Diolinux: We all know that Debian's main goals are to have as stable a system as possible and be a multiarchitecture system, including support for different kernel types, not just Linux. Also, is there any future target for Debian that falls outside these standards? Is there any other goal that you are working to achieve?

Chris: You are right to point out that Debian supports non-Linux kernels, specifically the kfreebsd kernel. You may also be aware that there is highly experimental Hurd port too. Debian's technical diversity stretches beyond kernels however meaning that we are available on sorts of small devices, notably as the base of Raspbian on the Raspberry Pi, as well as supporting very large machines with 100GBs of RAM. We also ship with a huge choice of desktop environments and don't "require" you to use one or the other.

And for those who care about such things, it is perfectly possible to use Debian without systemd... "g"

Diolinux: We recently had information that there were several problems and bugs in Debian ISOs Live, which is really something unusual, little by little the problems are being corrected, however, through the mailing lists we were able to prove that there were missing testers for these ISOs. Would you like to know how the public can help debug Debian to make it better?

Chris: Clearly, the issue with the live ISOs show that there are gaps in our QA process. However, the team are introducing processes, both technical and non-technical, to ensure it cannot happen again.

In terms of how the community can help, testing beta versions of the images/installer is always appreciated; whilst the day-to-day distribution gets a lot of testing prior to release, the very context of an installation process means that it does not see as many "eyeballs."

Diolinux: You use Debian exclusively or you also use other distributions and operating systems? What is your point of view on using proprietary systems?

Chris: Currently, I not only exclusively use free software operating systems, they are all running Debian!

Diolinux: Listening to our readers, some have argued that there is no "easy-to-access" channel between Debian developers, the community, and the "end-user". What is the best way to get involved with the project? What kind of professionals and enthusiasts can be part of the Debian community?

Chris: There are many ways you can start.
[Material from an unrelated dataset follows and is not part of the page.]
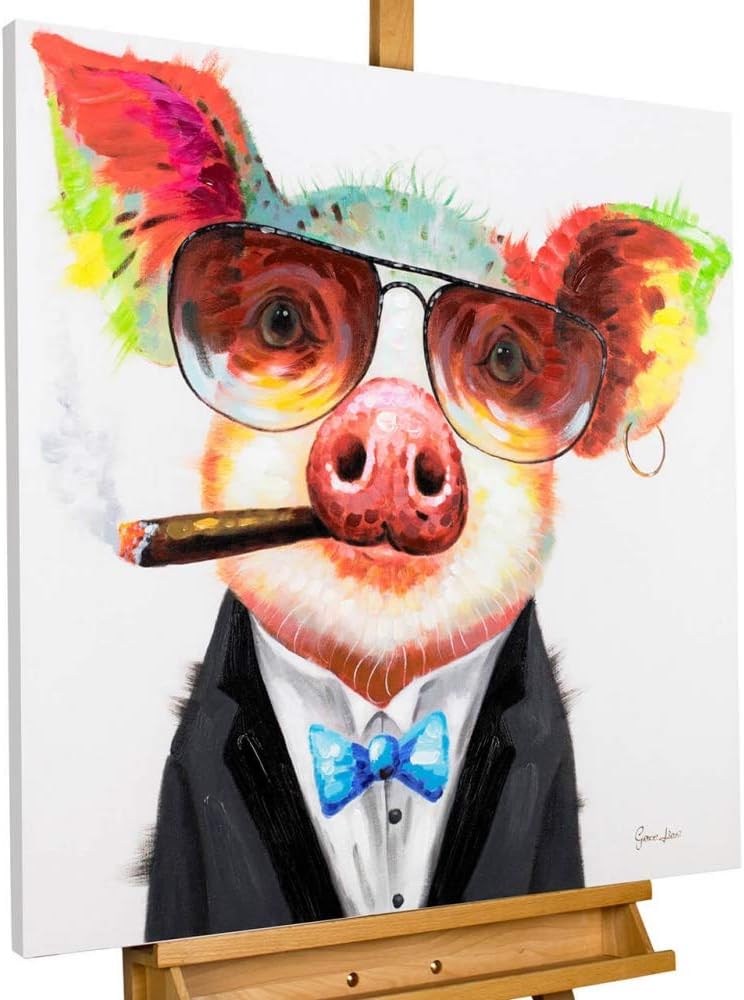 KunstLoft Leinwandbild | 100% HANDGEMALT | 80x80cm | Gemälde 'Smoking Hot Bacon' | Schweine | Bunt |

For users, try the "Welcome" page on the wiki:

    https://wiki.debian.org/Welcome/Users

For people interested in contributing, check out the overview here:

    https://www.debian.org/devel

...but also do check the "New Maintainer's Guide":

    https://www.debian.org/doc/manuals/maint-guide

Diolinux: How do you imagine Debian will be in 10 years?

Chris: Firstly, I would to imagine myself as still a contributor to the Debian project and I trust that many of the current developers will be too.

However, in terms of what the distribution itself will look like, Debian has always had a tradition of being shaped by user and developer demand as well as by the general efforts and standardisation in the free software community around certain software.

This is contrast to having a vision imposed on it "from high", one of the principal reasons why people choose Debian to begin with. There is no reason to think why this would be any different in the upcoming decade, meaning that it is extremely difficult to predict!

Diolinux: Leave a final message to the Diolinux blog audience.

Chris: Thanks for reading!


The Debian Brasil community thanks Diolinux for the content available for this publication and thanks Chris Lamb for his interview. This publication is of great importance for the promotion of the Debian Project in Brazil.